Start of Block

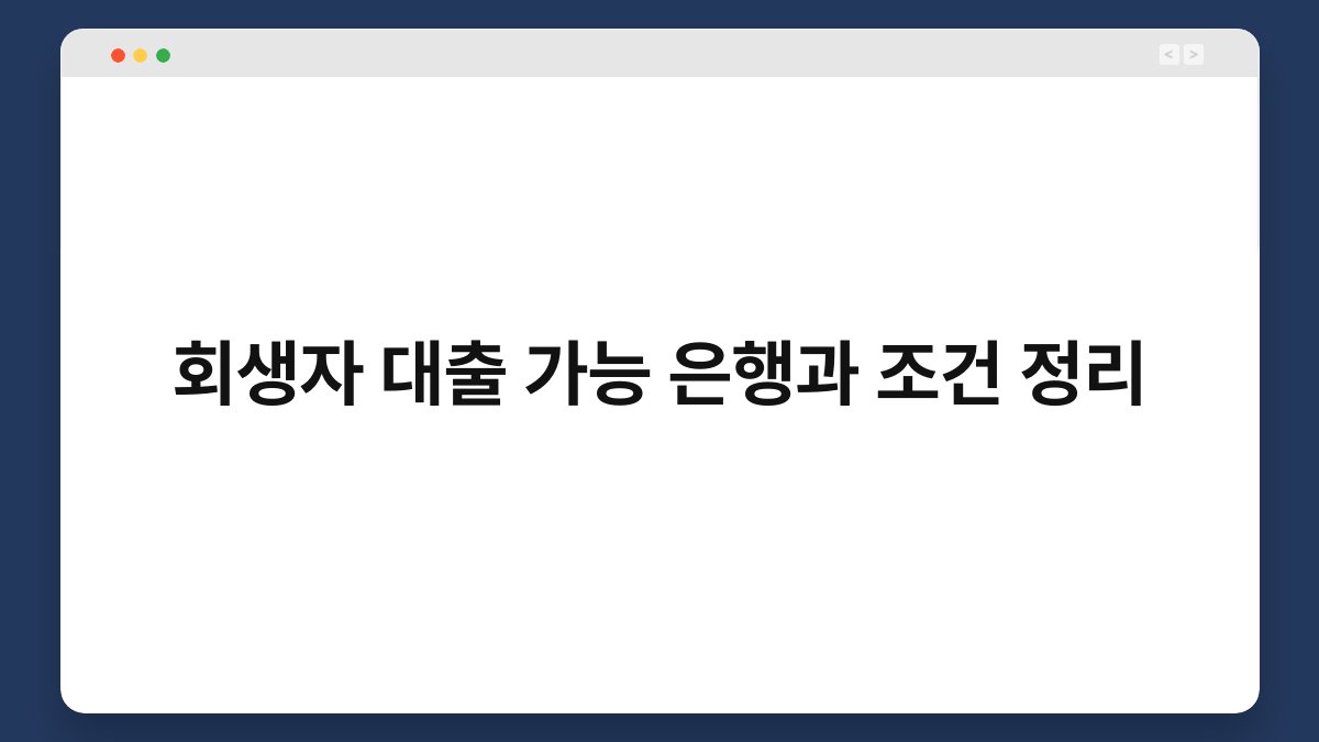 부채, 대출, 그리고 경제적 어려움, 누구나 한 번쯤은 겪어보는 문제죠? 하지만 회생자라면 대출에 대한 고민이 더욱 깊어질 수 있습니다. 대출이 어려운 상황에서도 회생자가 이용할 수 있는 대출 상품과 조건을 알아보면, 새로운 희망의 불씨가 될 수 있습니다. 이 글에서는 회생자 대출이 가능한 은행과 그 조건에 대해 자세히 설명드리겠습니다. 끝까지 읽고 필요한 정보를 챙기세요! 회생자 대출이란? 회생자 … 더 읽기
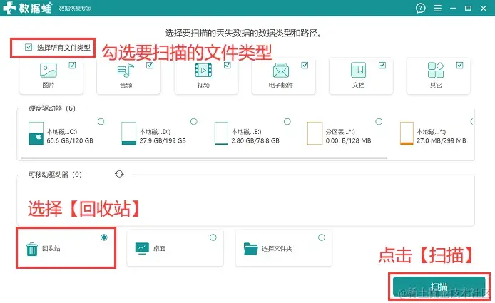 步骤2:勾选上要恢复的文件类型,并勾选上【回收站】 ,单击【扫描】 ;
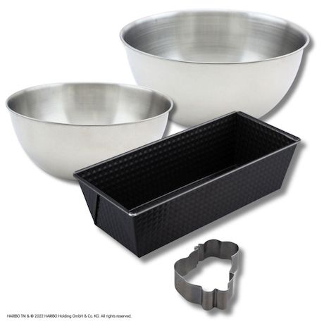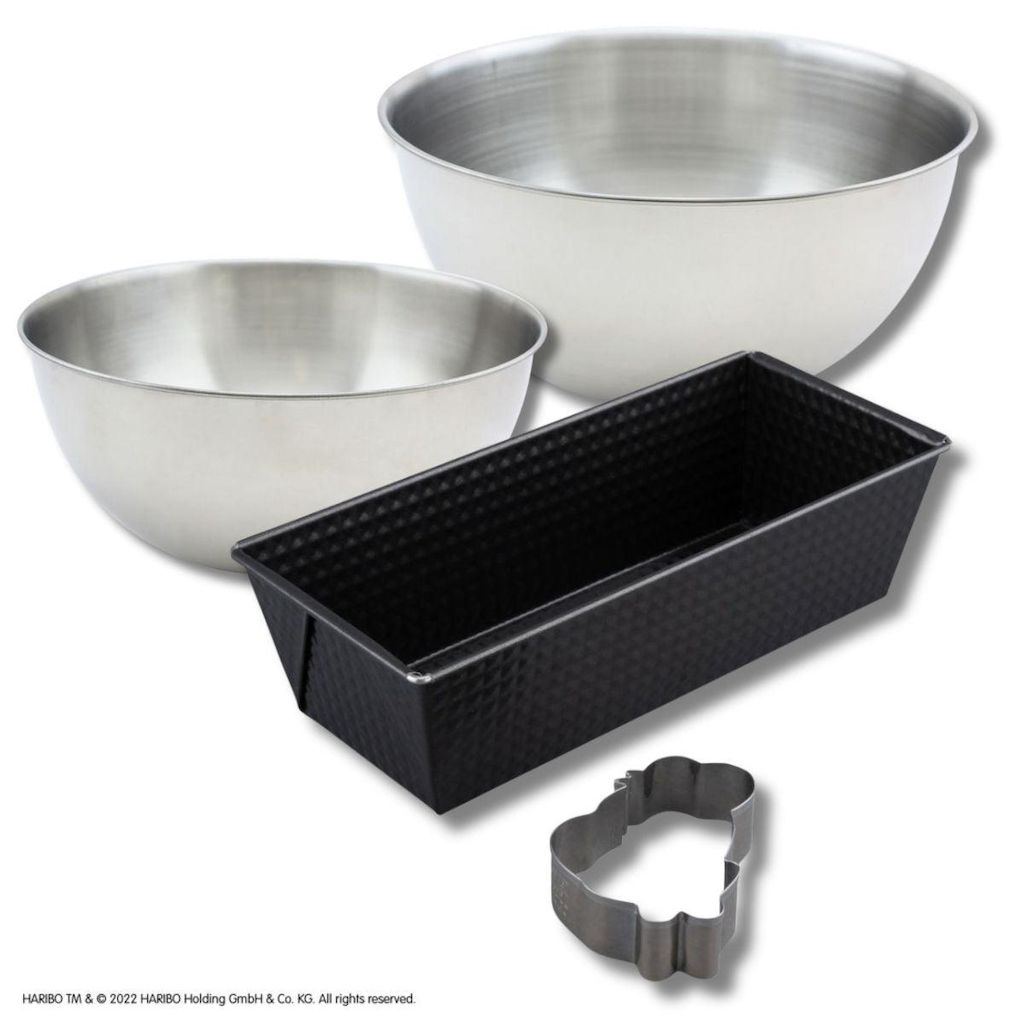 - DESCRIPTION: Set à pâtisserie avec 1 moule à cake 25 cm Zenker Haribo et un emporte-pièce motif ours, 2 bols à mixer en inox de 25 cm et 20,5 cm, 1 spatule en silicone de 25 cm

End of Block

A verbatim copy of the data, pictures removed, is the expected result.

 부채, 대출, 그리고 경제적 어려움, 누구나 한 번쯤은 겪어보는 문제죠? 하지만 회생자라면 대출에 대한 고민이 더욱 깊어질 수 있습니다. 대출이 어려운 상황에서도 회생자가 이용할 수 있는 대출 상품과 조건을 알아보면, 새로운 희망의 불씨가 될 수 있습니다. 이 글에서는 회생자 대출이 가능한 은행과 그 조건에 대해 자세히 설명드리겠습니다. 끝까지 읽고 필요한 정보를 챙기세요! 회생자 대출이란? 회생자 … 더 읽기
 步骤2:勾选上要恢复的文件类型,并勾选上【回收站】 ,单击【扫描】 ;
 - DESCRIPTION: Set à pâtisserie avec 1 moule à cake 25 cm Zenker Haribo et un emporte-pièce motif ours, 2 bols à mixer en inox de 25 cm et 20,5 cm, 1 spatule en silicone de 25 cm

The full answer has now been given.